__COLLECTED MATERIAL__:
·····

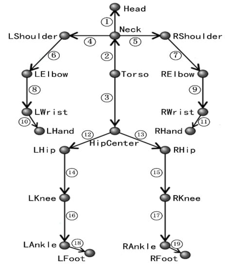 Example of a human skeleton body model with 19 joints.
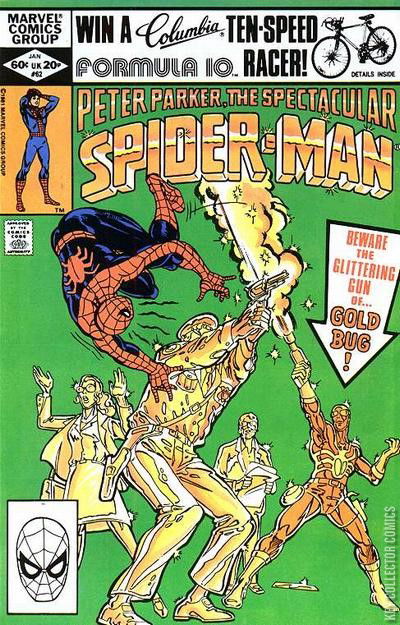 GOLD FEVER! The villain Goldbug is trying to get membership in the Maggia, however, the representatives he is speaking with wish him to prove his worth to them. The decide that to send him to ESU to steal gold that is currently being experimented on. As the gold is being transported to the ESU science wing, Peter Parker takes some photos of the event as Spider-Man, before changing to his civilian identity and meeting up with his colleagues. Peter's new friendship with Marcy Kane causes Debra to worry and reconsider her feelings for Peter. As Peter and Dr. Sloan experiment on the gold with radiation, Goldbug arrives to steal it. During the theft, Goldbug uses his gold gun to turn two security guards and Debra into gold statues. Peter tags Goldbug's escaping ship with a spider-tracer before creating a solution to dissolve the gold trapping Debra and the others. Knowing the gold is dangerous due to its radioactivity, Peter goes after the Goldbug as Spider-Man. He traces it to a warehouse hideout of the Maggia, where he gets locked in a fight with the Maggia and Goldbug. During the fight, Spider-Man manages to remove Goldbug's gloves to show that they have suffered radiation burns. Furious that Goldbug could be so stupid, the Maggia try to kill him along with Spider-Man. Spider-Man manages to jump out of the way of the bullets, but apparently, Goldbug is gunned down and sinks to the bottom of the river due to his gold costume and seemingly drowns. When Spider-Man surfaces, he notices that the fight has brought the police who are rounding up the Maggia members and recovering the stolen gold. With his job complete, Spider-Man quietly swims away from the scene.
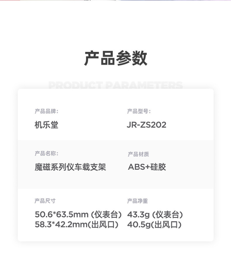 | 型号 | JR-ZS202 | 适用品牌 | 车载 | 适用型号 | 安卓 苹果手机通用 |
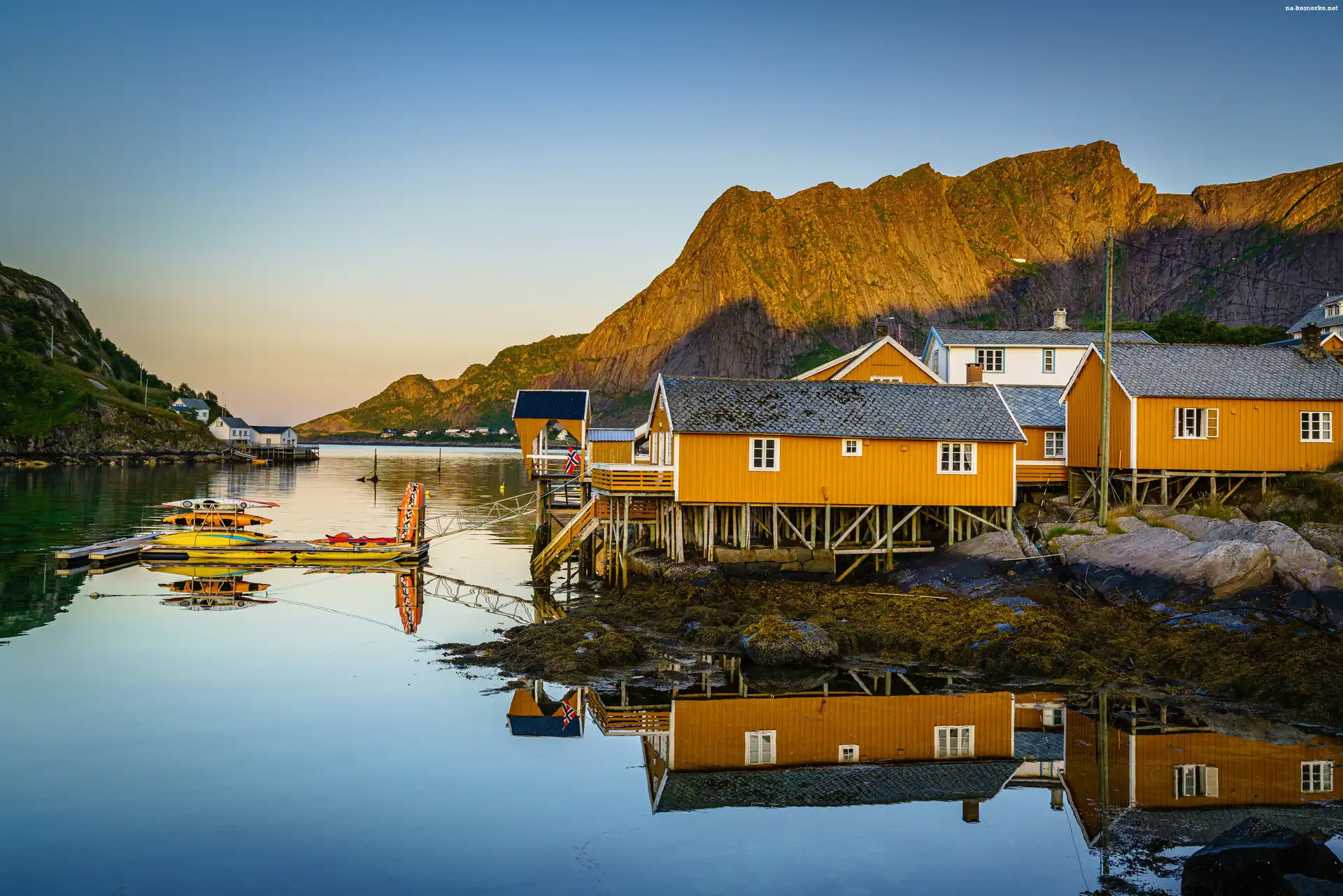 Norwegia, Morze Norweskie, Wyspa, Łódki, Lofoty, Wioska Sakrisoya, Góry, Domy na Komórkę

·····

__DIRECTIONS__:
Produce an exact copy of the lines from the line containing "安卓 苹果手机通用 |" to the end of the material, both ends included, and omit every picture.

__ANSWER SPACE__:
 | 型号 | JR-ZS202 | 适用品牌 | 车载 | 适用型号 | 安卓 苹果手机通用 |
 Norwegia, Morze Norweskie, Wyspa, Łódki, Lofoty, Wioska Sakrisoya, Góry, Domy na Komórkę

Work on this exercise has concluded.